Please copy the lines below, exactly as they are, from the one with "行业方面,上周A股市场申万3" through the one with "金目鯛の煮付けと縞ホッケのみ", and leave out the pictures.

Stored items
================

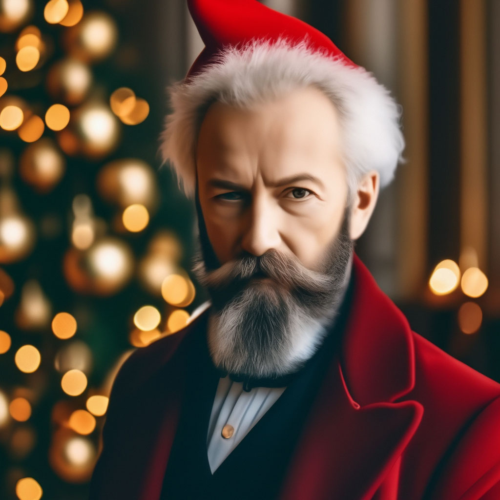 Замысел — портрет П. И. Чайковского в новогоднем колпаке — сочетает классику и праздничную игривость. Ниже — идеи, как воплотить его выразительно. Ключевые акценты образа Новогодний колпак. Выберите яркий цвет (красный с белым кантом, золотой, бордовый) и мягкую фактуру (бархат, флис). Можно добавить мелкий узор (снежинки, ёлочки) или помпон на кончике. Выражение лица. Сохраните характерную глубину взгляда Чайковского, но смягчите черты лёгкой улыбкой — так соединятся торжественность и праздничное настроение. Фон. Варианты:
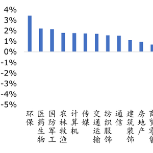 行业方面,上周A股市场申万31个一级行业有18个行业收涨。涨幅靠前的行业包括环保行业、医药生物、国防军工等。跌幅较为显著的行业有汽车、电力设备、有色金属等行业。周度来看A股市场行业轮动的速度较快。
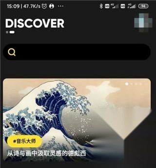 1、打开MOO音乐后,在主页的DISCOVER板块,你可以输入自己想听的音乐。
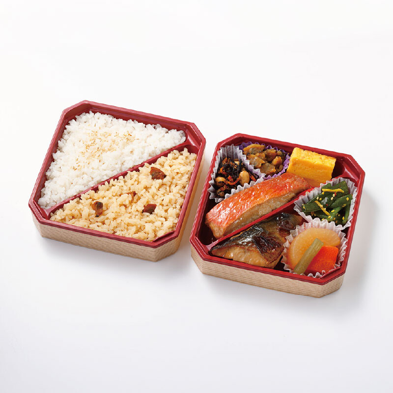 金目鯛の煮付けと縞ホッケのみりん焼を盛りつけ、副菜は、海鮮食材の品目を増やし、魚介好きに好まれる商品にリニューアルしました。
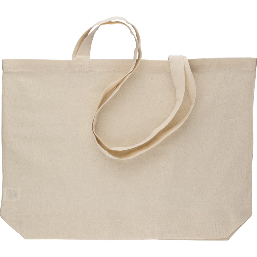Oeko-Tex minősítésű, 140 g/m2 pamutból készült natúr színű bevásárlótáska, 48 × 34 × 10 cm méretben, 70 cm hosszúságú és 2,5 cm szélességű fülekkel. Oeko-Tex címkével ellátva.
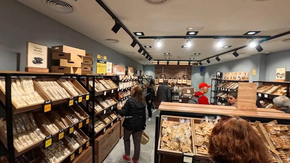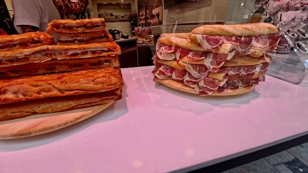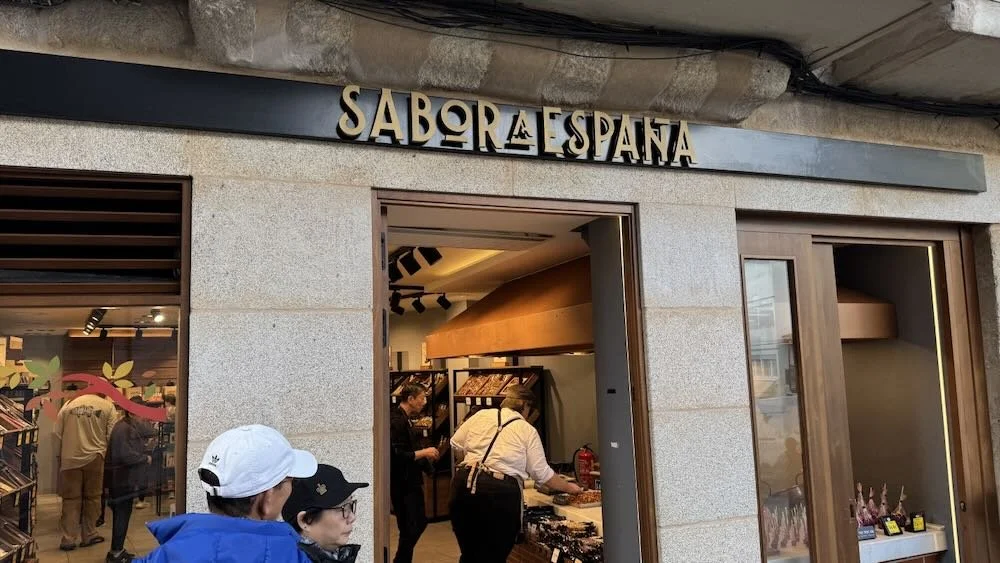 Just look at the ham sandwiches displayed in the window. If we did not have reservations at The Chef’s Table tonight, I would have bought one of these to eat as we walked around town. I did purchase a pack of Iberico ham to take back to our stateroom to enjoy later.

================

### Answer to this task
 行业方面,上周A股市场申万31个一级行业有18个行业收涨。涨幅靠前的行业包括环保行业、医药生物、国防军工等。跌幅较为显著的行业有汽车、电力设备、有色金属等行业。周度来看A股市场行业轮动的速度较快。
 1、打开MOO音乐后,在主页的DISCOVER板块,你可以输入自己想听的音乐。
 金目鯛の煮付けと縞ホッケのみりん焼を盛りつけ、副菜は、海鮮食材の品目を増やし、魚介好きに好まれる商品にリニューアルしました。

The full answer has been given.